Among many favorite stocks of big bull Rakesh Jhunjhunwala is also construction service provider NCC. Gains from NCC have been above Rs 600 crore. Interestingly, Jhunjhunwala has been increasing his holding in NCC shares over the past few months, among others. NCC has become a new multibagger not only for Jhunjhunwala but every investor who holds a piece of this company. On Monday, NCC shares finished at Rs 99.20 per piece up by 1.38%. The stock has also touched an intraday high and low of Rs 101 per piece and Rs 125.60 per piece respectively. The going has been so good for NCC shares that experts at Edelweiss Securities have given the stock a buy rating.
NCC management is confident of maintaining FY20 revenue and margin at FY19 level.

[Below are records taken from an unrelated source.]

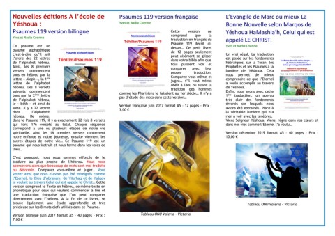 Nouvelles éditions A l’école de Psaumes 119 version française L’Evangile de Marc ou mieux La
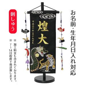 名前旗 男の子用 雲に龍虎 黒ジャガード刺しゅう (小) 鯉のぼりつるし 台付き
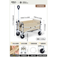 原始人露营推车户外营地拖车旅行可折叠手推野餐野营手拉车遛娃小拉车 160L 【卡其】升级加厚后开款
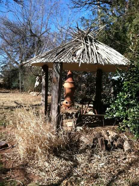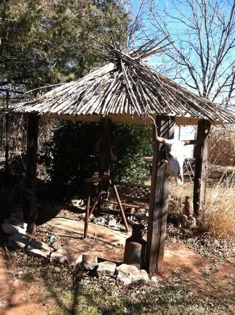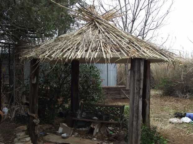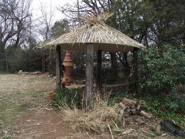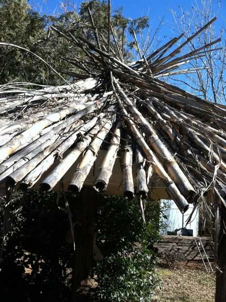 Con sólo el plato encima de los lazos, que parecía más una cúpula Grecian que un cenador, como sospeché que sería.  Tenemos algunos caña crece en el patio trasero. Cortar los postes a las longitudes de 8 pies. y en la parte superior del plato.  Para asegurarlos, hice un círculo 34,5 ft de alambre de la cerca lisa alrededor del borde del plato y extienda 5 pulgadas más allá de él.  Puesto que el plato es de 10 pies de diámetro, la circunferencia es
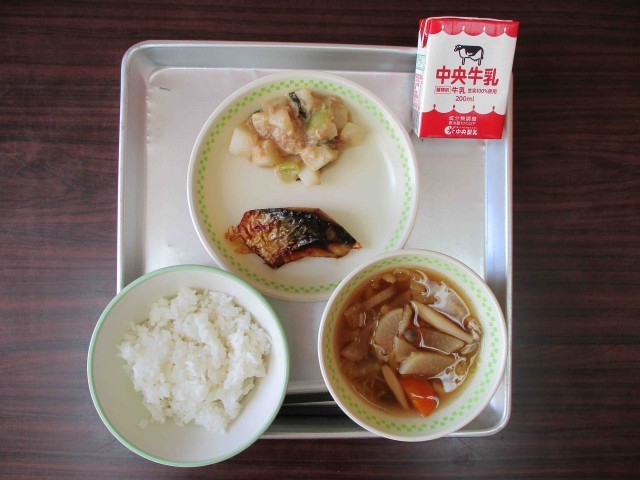 【本日の献立】牛乳・ご飯、さばの塩焼き、かぶとツナの和風あんかけ、冬野菜たっぷり汁
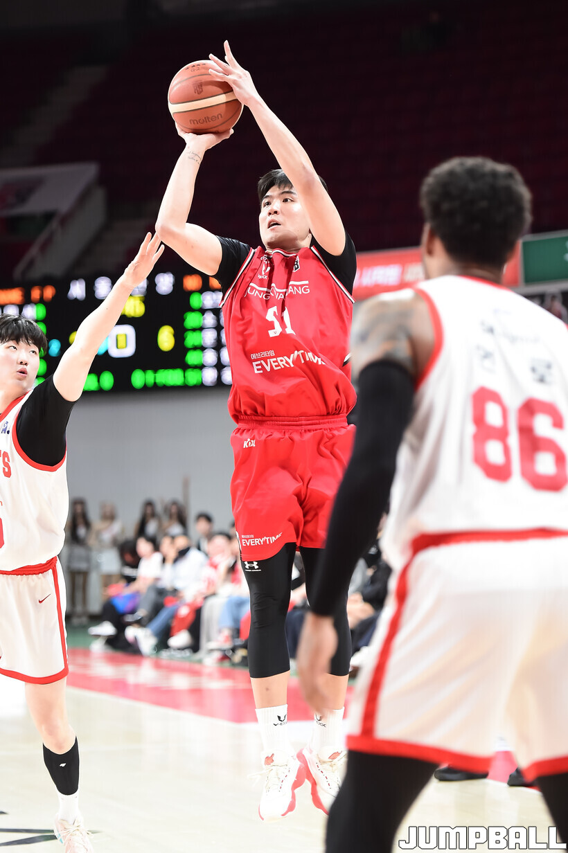 [점프볼=안양/박상혁 기자] 8일 안양 정관장 아레나에서 열린 2025-2026 LG전자 프로농구 안양 정관장과 서울 SK의 경기, 정관장 한승희가 슛을 시도하고 있다.
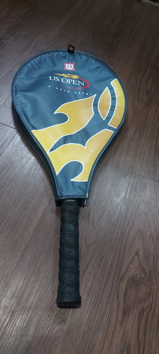 Selling a Wilson US Open tennis racquet. It comes with its original case. The grip is worn, as shown in the photos, but the racquet itself is in good condition!
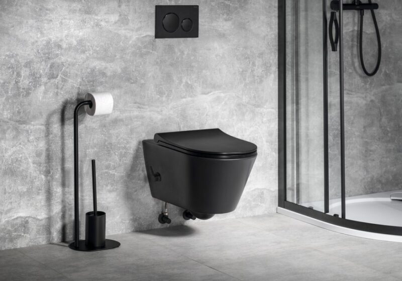 SAPHO – AVVA CLEANWASH závesná WC misa, integrovaná batéria a bidetová spŕška, Rimless, 35,5x53cm, čierna mat 100315-110

According to the management, it started FY20 with ~INR410bn order book; even assuming that ~INR61bn projects get cancelled, NCC will be left with ~INR350bn worth of orders. This will be sufficient to ensure that the company’s FY20 top line will be at least equal to FY19 revenue of ~INR120bn. Also, the company will be able to maintain EBITDA and PAT margins at FY19 level (11.8% and ~5%, respectively) going ahead.
Parvez Akhtar Qazi and Aditya Chandrasekar analysts at Edelweiss said, “We believe the company’s diversified segmental/geographical presence will help it tackle this issue. We build in lower order accretion and revenue and higher working capital requirements, leading to downward revision in FY20/FY21E EPS by 19%/7%. We maintain ‘BUY’ with revised SOTP-based TP of INR135—INR134/share from the EPC business (12x P/E) and the balance from BOT projects.”
Recently, Binod Modi, Research Analysts at Reliance Securities also said, “NJCC has exhibited an overall improvement in 4QFY19 especially in terms of growth in order inflow along with significant improvement in working capital.”
Further, Modi adds, “NJCC has also done well in terms of reducing its exposure towards its group companies and subsidiaries, as it reduced its exposure by Rs2.7bn in FY19. Looking ahead, we expect NJCC’s both revenue and earnings to clock 14% CAGR over FY19- FY21E. Upwardly revising our earnings estimates by 7%/9% for FY20E/FY21E to factor in better-than-expected performance, we maintain our BUY recommendation on the stock with a revised Target Price of Rs170 (from Rs165 earlier).”
If we take into consideration current stock price levels along with target set, then NCC is set to rise between 36% to a whopping over 71% ahead.
As on March 2019, Jhunjhunwala’s holding in NCC stands at 10.77% with 64,708,266 equity shares worth Rs 641.9 crore.
So, if things go as per the management and Edelweiss, then great returns are in in offing and investors can continue to buy NCC shares and sit back to enjoy the hefty returns.